Experimental results and discussions

Experimental setup

We use the Tensorflow platform combined with the edge generator module running on PyTorch, to implement the proposed method on a standard desktop with a 32 GB NVIDIA Quadro GPU and a batch size of 16. The model is optimized using an Adam optimizer with β1 = 0.0005 and β2 = 0.9 respectively. For each set, the depth maps and texture images of two different views {Il, Dl, Ir, Dr} are provided. Training is done with 54640 sub-images of resolution 256 × 256, half generated from 20 data sets in the Middlebury stereo 2014 database and the other half from data sets in the KITTI 2015 database. In this way, our training sets include multiple scene sets, which can be used to better evaluate the performance of the proposed network. Data augmentation is performed on the fly, applying random transform to the training data.

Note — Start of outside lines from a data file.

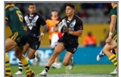
Kiwis v Kangaroos VB Test Match Page 7
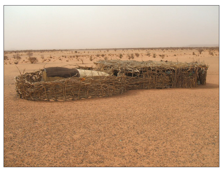
Plate 1. Exterior of a house in the Naga region.

area, which lies at the confluence of the Awateib and Abu Rayhan wadis that surround the archaeological site, is cleaned. The implements used at this stage include the hoe, plough and axe. Oxen were used to pull the plough in the past, but now tractors are used.
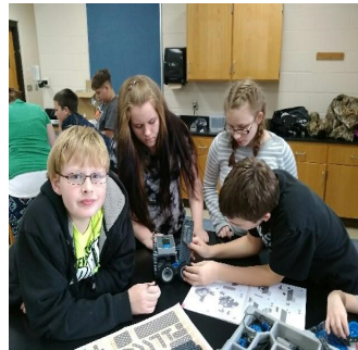
The 4-H After-School Robotics Club in Iosco County received a $1,000 Michigan 4-H Legacy Grant to use VEX Robotics as a tool

Learn more or apply online at http://mi4hfdtn.org/grants . Questions? Contact the Michigan 4-H Foundation at 517-353-6692.

To test our proposed network, different datasets are used. One part is the remaining data sets in the Middlebury and KITTI databases, which are not contained in the training data. The other part is from the NYU Detpth database, where indoor scenes are recorded by both the RGB and Depth cameras. Experimental results are discussed in two subsections to follow. The first is organized to show the experimental details of the proposed network framework and the effects of the additional scene constraints. In the second subsection, our results are comprehensively compared with other related works and evaluated with quantitative and subjective criteria.

Analysis of experimental details

The effect of a multi-stage modeling network framework.

In this subsection, processing details of our proposed network will be displayed in different experiments. As discussed in the section on the technical scheme of the proposed approach above, our multi-stage modeling network framework can refine the initial depth maps to ensure the accuracy of the depth edge to the best degree possible. Test sets in the KITTI 2015 database have only sparse depth information rather than accurate dense depth maps. So an initial experiment on this database would mainly be analyzed to show the strong pre-processing performance of our proposed method.

In this experiment, intermediate results of our proposed network are compared with depth maps pre-processed by a few other methods. As shown in Fig 3B, an original depth map in KITTI 2015 just contains only projected sparse depth samples from LiDaR scan, not totally matched with the corresponding texture image in Fig 3A. So depth map background interpolation is necessary. An effective colorization scheme [34] is adopted in Fig 3C, and it can be seen that a dense depth map is generated clearly. However, some details of the scene structure are not presented perfectly in the experimental result, such as the boundaries of the car in the depth map, which are not precisely consistent with the ones in Fig 3A. In Fig 3D, another domain transform filter-based method [35] is carried out for comparison. We notice that for this method the improvement is still limited, and in some aspects other new problems such as over-smoothing may be observed. Different from these two traditional methods, the approach proposed in this paper is a data-driven solution combining both texture image and the initial depth cues in Fig 3C to the network. In this way, hallucinated cues learned from databases and local cues learned from initial depth maps are considered together. So our method can do more optimization to the initial depth map, displaying the richest depth layers and the most accurate layer boundaries as shown in Fig 3E. Thus, through this experiment, it can be seen that our method can effectively pre-process initial depth maps from different sources for a relatively stable quality, which is important for a robust DIBR system.

thumbnail
Fig 3. Comparison of pre-processed depth maps using different methods on data sets from KITTI 2015.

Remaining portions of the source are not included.